**The problem**
Only one stretch of the data should be retyped: the lines from the line containing "上海地铁车厢内出现浓烟 客服:车站外高架上有车自燃" through the line containing "Arrested during Akron". Keep pictures out of it.

**Source information**

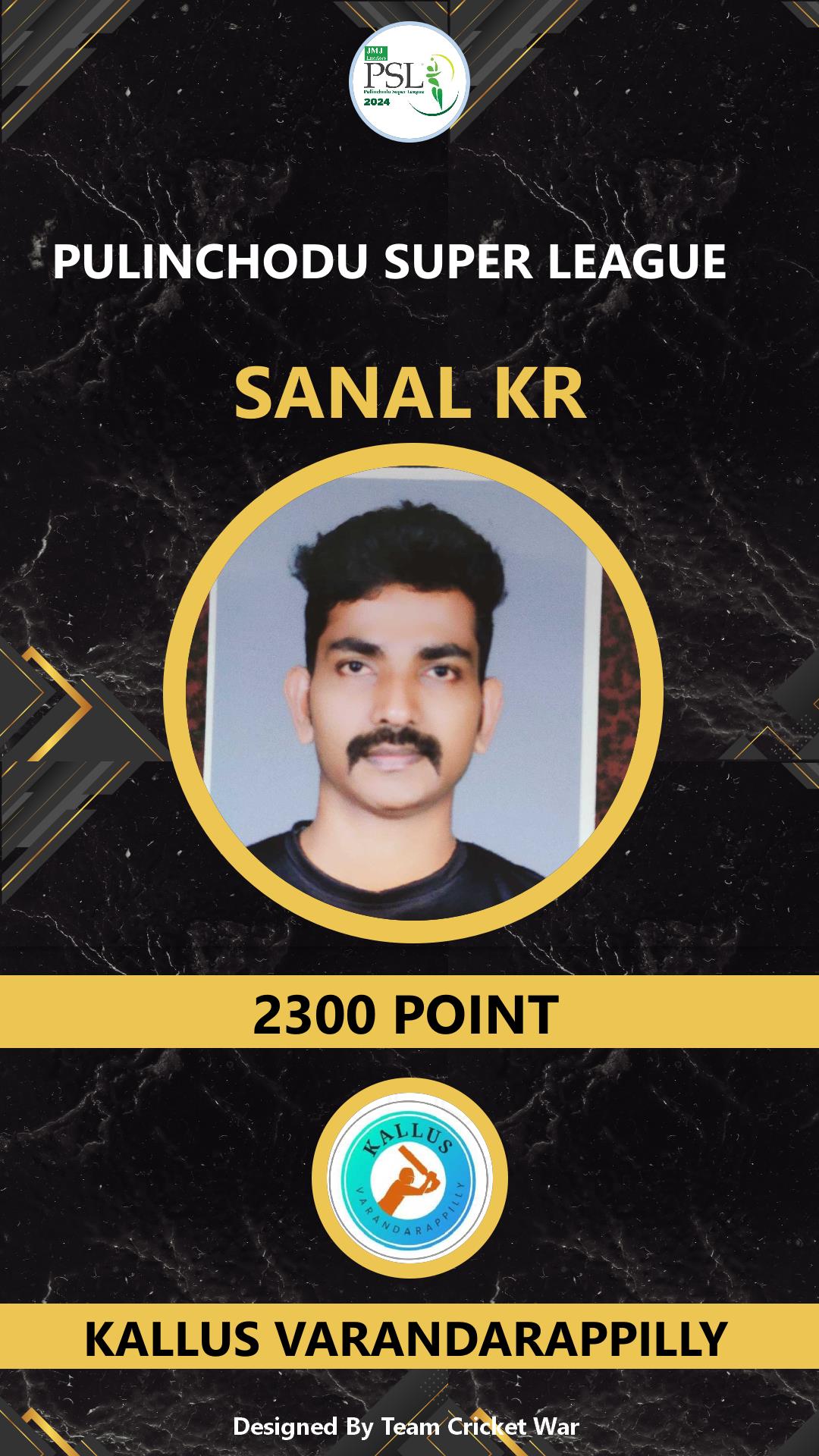 BATTING ALLROUNDER, AGE : 37 VARANDARAPPILLY Bid Amount : 2300 Team : KALLUS VARANDARAPPILLY Download ID Card VIEW PROFILE |
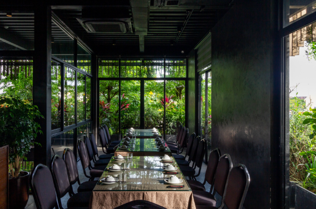 On the first floor, the entrance is led by a small corridor lined with green bamboo trees, from there opening up a garden in front of the building. Here, you will find a garden with many types of trees arranged at different levels that all blending together. These will give you a cool, quiet and pleasant atmosphere, even though the project is very close to major roads. In the garden, there are a few sets of wooden tables and chairs, you can sit and drink coffee under the trees, and look at the road through the fence wall made of large glass panels. These glass panels not only serve to block out noise and dust from the outside but also do not obstruct the view from the inside.
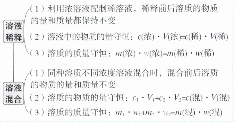 稀释或混合溶液时,计算溶质的物质的量浓度存在如下规律:
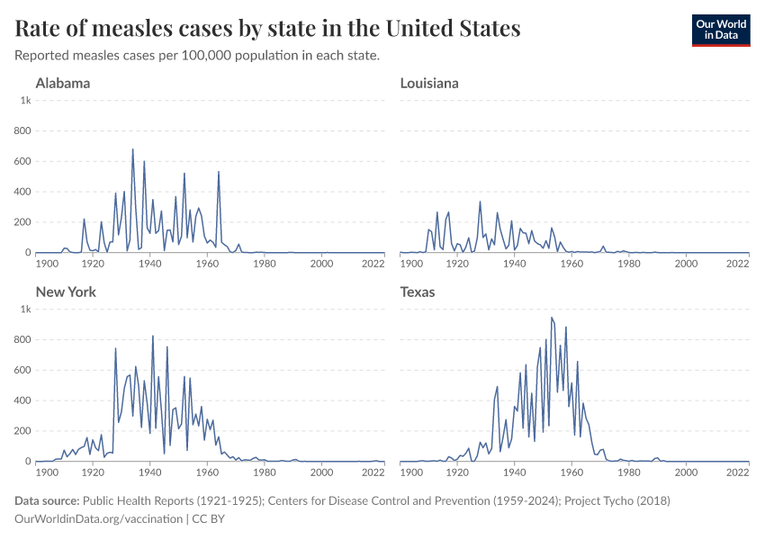 Public Health Reports (1921-1925); Centers for Disease Control and Prevention (1959-2024); Project Tycho (2018) – with major processing by Our World in Data. “Rate of measles cases by state in the United States” [dataset]. Project Tycho, “Project Tycho - Measles cases”; Centers for Disease Prevention and Control, “CDC Summary of Notifiable Infectious Diseases - Measles”; Centers for Disease Control and Prevention, “Reported measles cases - CDC”; Centers for Disease Control and Prevention, “National Notifiable Diseases Surveillance System - Measles”; U.S. Census Bureau, “Annual Estimates of the Population for each of the States in the USA” [original data]. Retrieved January 8, 2026 from https://multi-dim-redirects-index.owid.pages.dev/grapher/reported-measles-case-rate-by-state-in-the-united-states
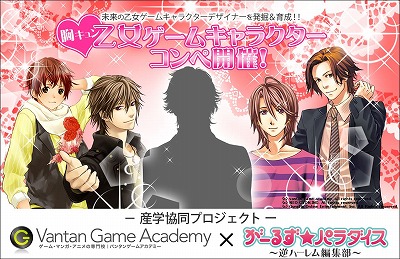 バンタンゲームアカデミーの学生を対象に、Yahoo!モバゲー、およびモバゲー、ハンゲームで好評サービス中の女性向けオンラインアドベンチャーゲーム『がーるず★パラダイス ~逆ハーレム編集部~』の新キャラクターを募集する「胸キュン乙女ゲームキャラクターコンペ」を、2011年4月より開催。この度、キャラクターデザイナー専攻の渡部 裕喜さんがグランプリを受賞し、ゲーム内への実装が決定しました。
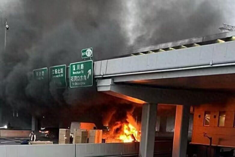 上海地铁车厢内出现浓烟 客服:车站外高架上有车自燃
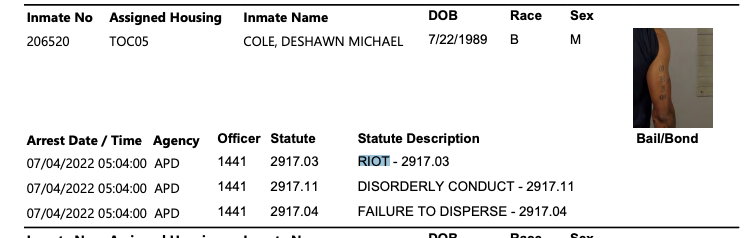 Arrested during Akron BLM riots. Arrest Date / Time Agency Officer Statute Statute Description Bail/Bond 07/04/2022 05:04:00 APD 1441 2917.03 RIOT - 2917.03 07/04/2022 05:04:00 APD 1441 2917.11 DISORDERLY CONDUCT - 2917.11 07/04/2022 05:04:00 APD 1441 2917.04 FAILURE TO DISPERSE - 2917.04
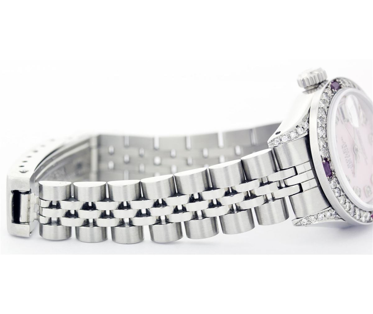 One Ladies Rolex Datejust Polished Bright with Satin Finish, Serviced & Electronically Tested, Stainless Steel Case With Diamond Lugs, Clarity: SI-VS, Color: G to H Case Size:26mm, Stainless Steel Crown, Custom Bezel: 18K White Gold Ruby Beadset Diamond Bezel, Diamond Count: 28 Diamonds + 4 Rubies Total Weight .70 Carat, Clarity: SI-VS, Color: G to H. Custom Crystal: Synthetic Sapphire Cyclops Lens. Movement: Automatic Winding Movement Caliber 2030. Custom Dial: Refinished light Pink Mother Of Pearl With Diamond Hour Markers, Diamond Count: 10 Diamonds, Clarity: SI-VS, to H. Date Window: 3 O'Clock Position Date Display, Non Quickset, Model: 6917 Condition: G-6 Extra Fine. Bracelet: Stainless Steel Jubilee. Bright Polish & Satin Finish. 5.5 Inch Length, Adjustable. Standard Clasp, With Rolex Logo.
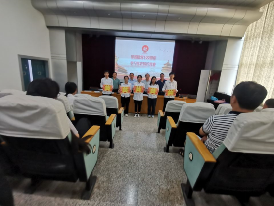 随后,举行了庆祝建党100周年党史知识竞赛,比赛为线上作答,分为教师组和员工组,大家争分托秒抢答题目。最后为获奖员工颁发了奖状。
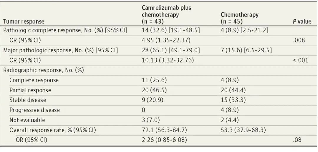 北京时间8月3日,EVO医药创新药卡瑞利珠单抗联合化疗(Cam+CT)对比化疗(CT)新辅助治疗ⅢA/ⅢB (T3N2) 期非小细胞肺癌(NSCLC)结果在线发表于国际权威期刊JAMA Oncology[1]。该研究是由空军军医大学唐都医院姜涛教授、雷杰教授团队联合陕西省肿瘤医院雷光焰教授团队、兰州大学第二附属医院王成教授团队共同参与的一项随机对照、多中心、Ⅱ期临床研究(TD-FOREKNOW,NCT04338620)。研究结果显示,与化疗相比,卡瑞利珠单抗联合化疗新辅助治疗NSCLC显著提高了病理完全缓解(pCR)率(32.6% vs 8.9%,OR=4.95,95% CI :1.35-22.37, P =0 .008),且安全性良好。本研究是卡瑞利珠单抗新辅助治疗可切除NSCLC患者的首个随机对照研究,为NSCLC新辅助免疫治疗再添新证。
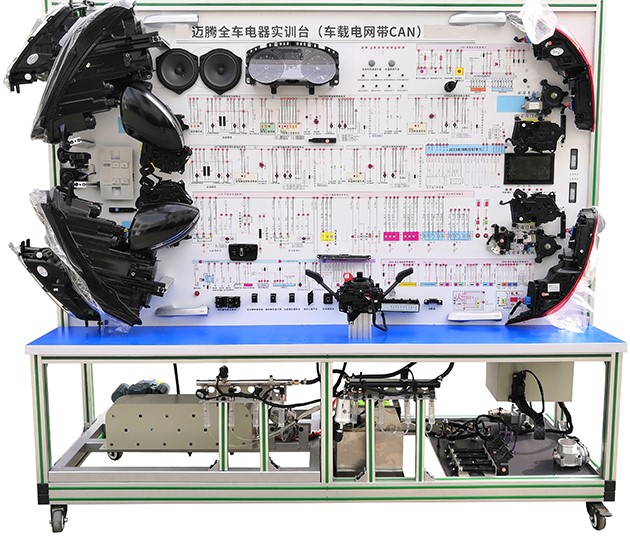 汽車電氣設(shè)備實(shí)訓(xùn)室。汽車電器設(shè)備實(shí)訓(xùn)室包含有汽車燈光系統(tǒng)、車載網(wǎng)絡(luò)系統(tǒng)、全車電器系統(tǒng)、汽車啟動(dòng)系統(tǒng)、汽車空調(diào)系統(tǒng)、全車線路試驗(yàn)臺(tái)、等實(shí)訓(xùn)教學(xué)設(shè)備。該實(shí)訓(xùn)室可以承擔(dān)《汽車構(gòu)造》、《汽車電器設(shè)備》、《汽車電控系統(tǒng)》、《汽車檢測與診斷》等課程的實(shí)踐教學(xué)任務(wù)?梢杂糜谘芯、分析全車電器系統(tǒng)、燈光系統(tǒng)、儀表系統(tǒng)等電器設(shè)備的電路及功能。利用這些系統(tǒng)進(jìn)行實(shí)踐教學(xué),使學(xué)生熟悉汽車電器的結(jié)構(gòu)和工作原理,掌握各個(gè)系統(tǒng)的基本組成電路,掌握主要電路的檢測方法和系統(tǒng)的故障特征,從而具有一定的檢測和調(diào)校能力。
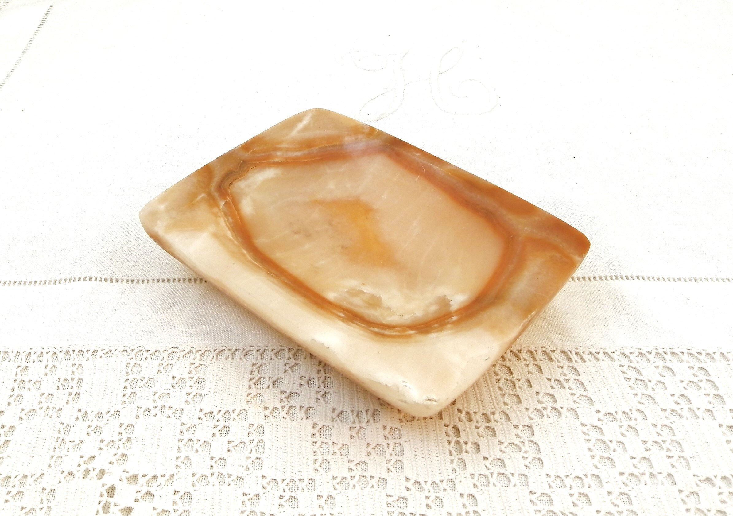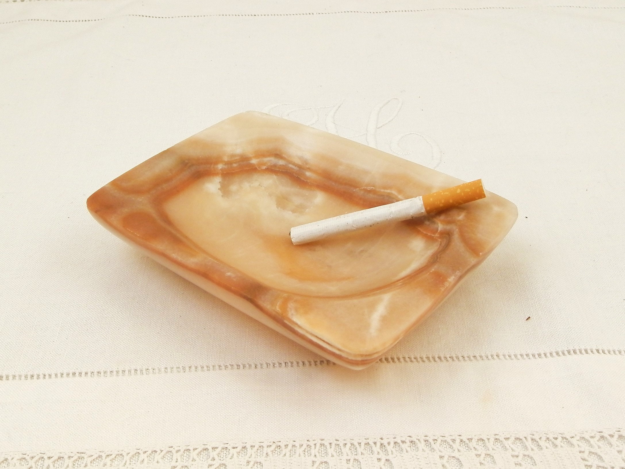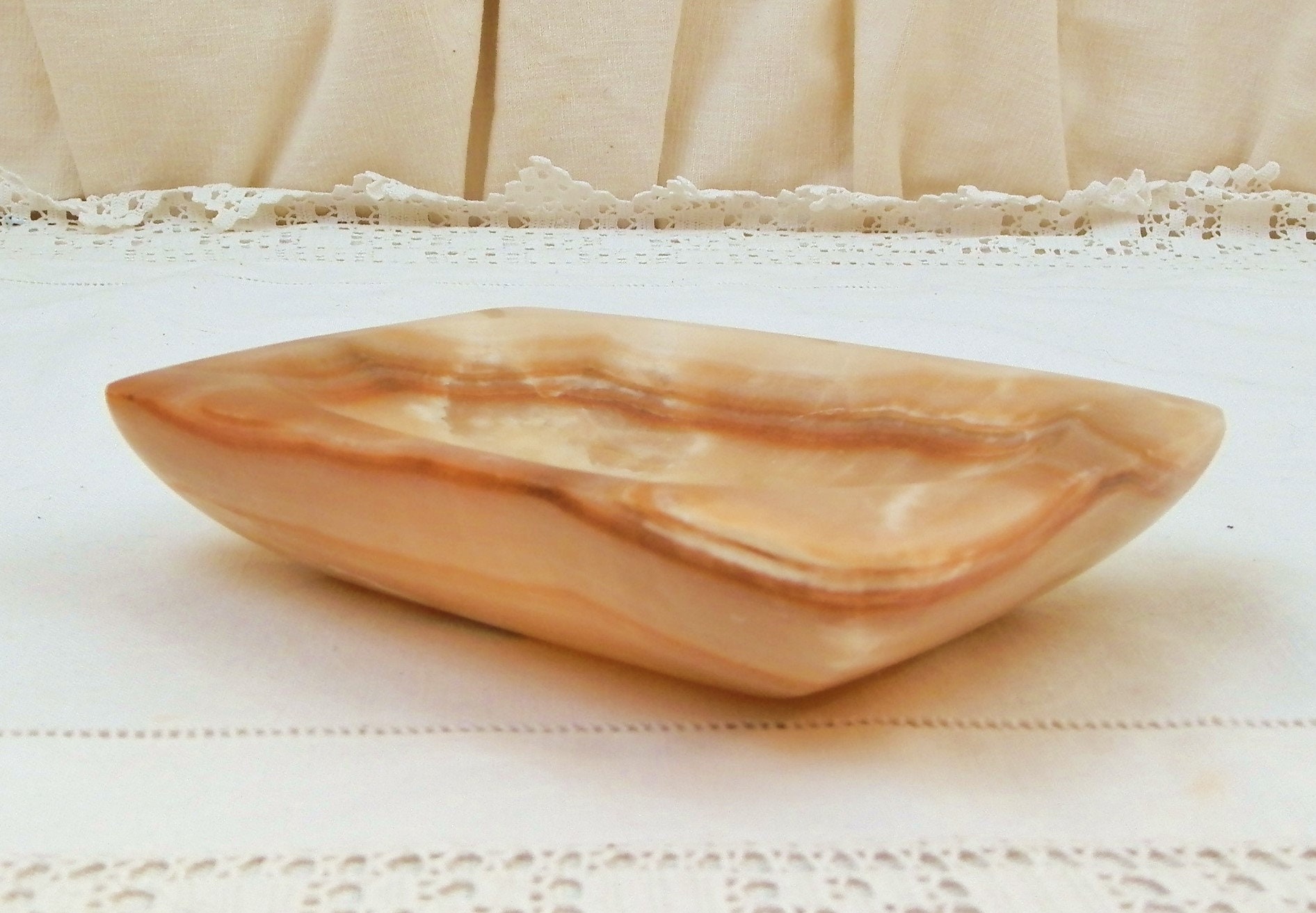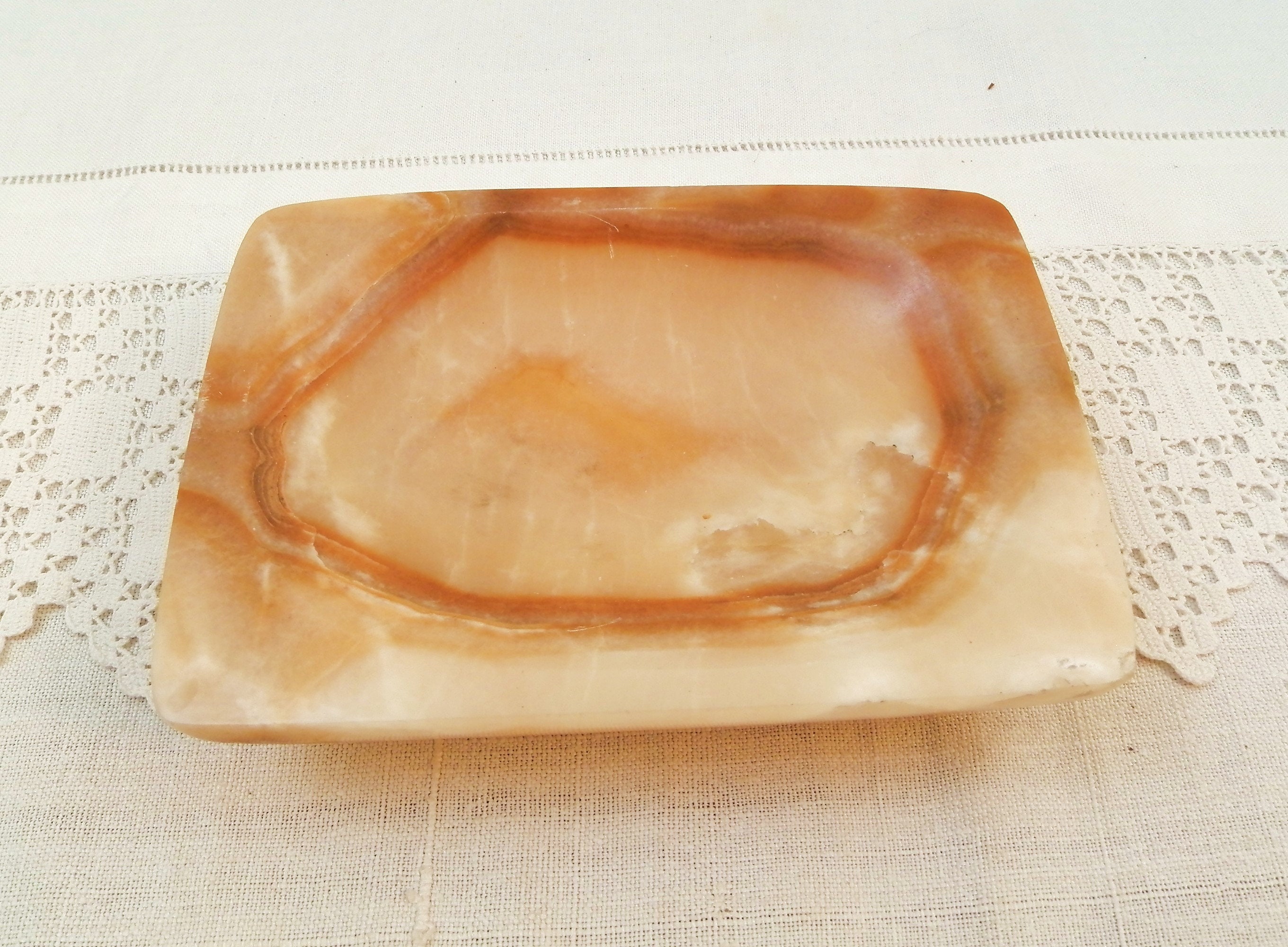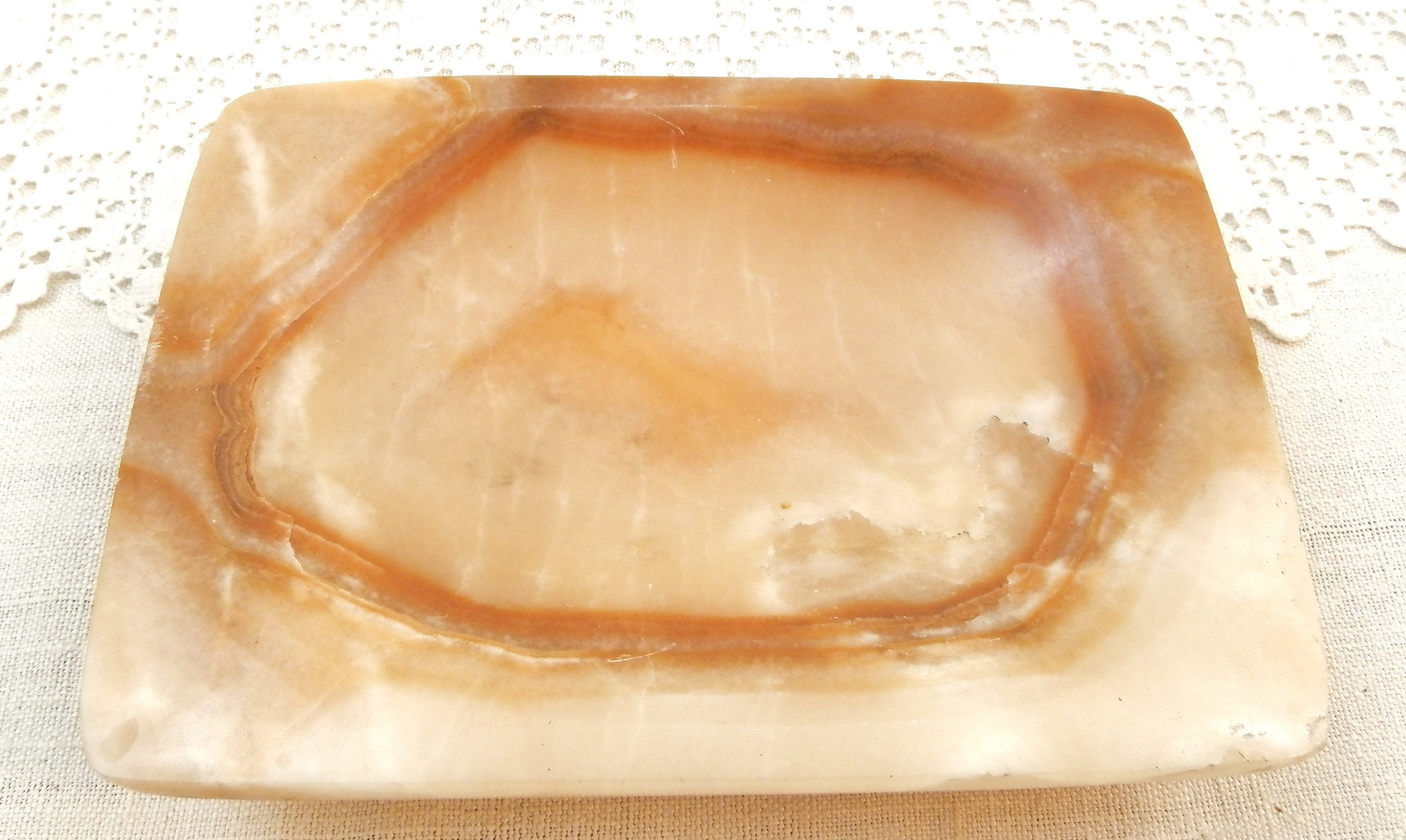 Large heavy vintage rectangular carved pale veined honey colored marble ashtray. Made from a solid piece of stone. found at a French Fleamarket near Le Mans ( famous for the 24 hour car race. )

**Solution to this exercise**
 上海地铁车厢内出现浓烟 客服:车站外高架上有车自燃
 Arrested during Akron BLM riots. Arrest Date / Time Agency Officer Statute Statute Description Bail/Bond 07/04/2022 05:04:00 APD 1441 2917.03 RIOT - 2917.03 07/04/2022 05:04:00 APD 1441 2917.11 DISORDERLY CONDUCT - 2917.11 07/04/2022 05:04:00 APD 1441 2917.04 FAILURE TO DISPERSE - 2917.04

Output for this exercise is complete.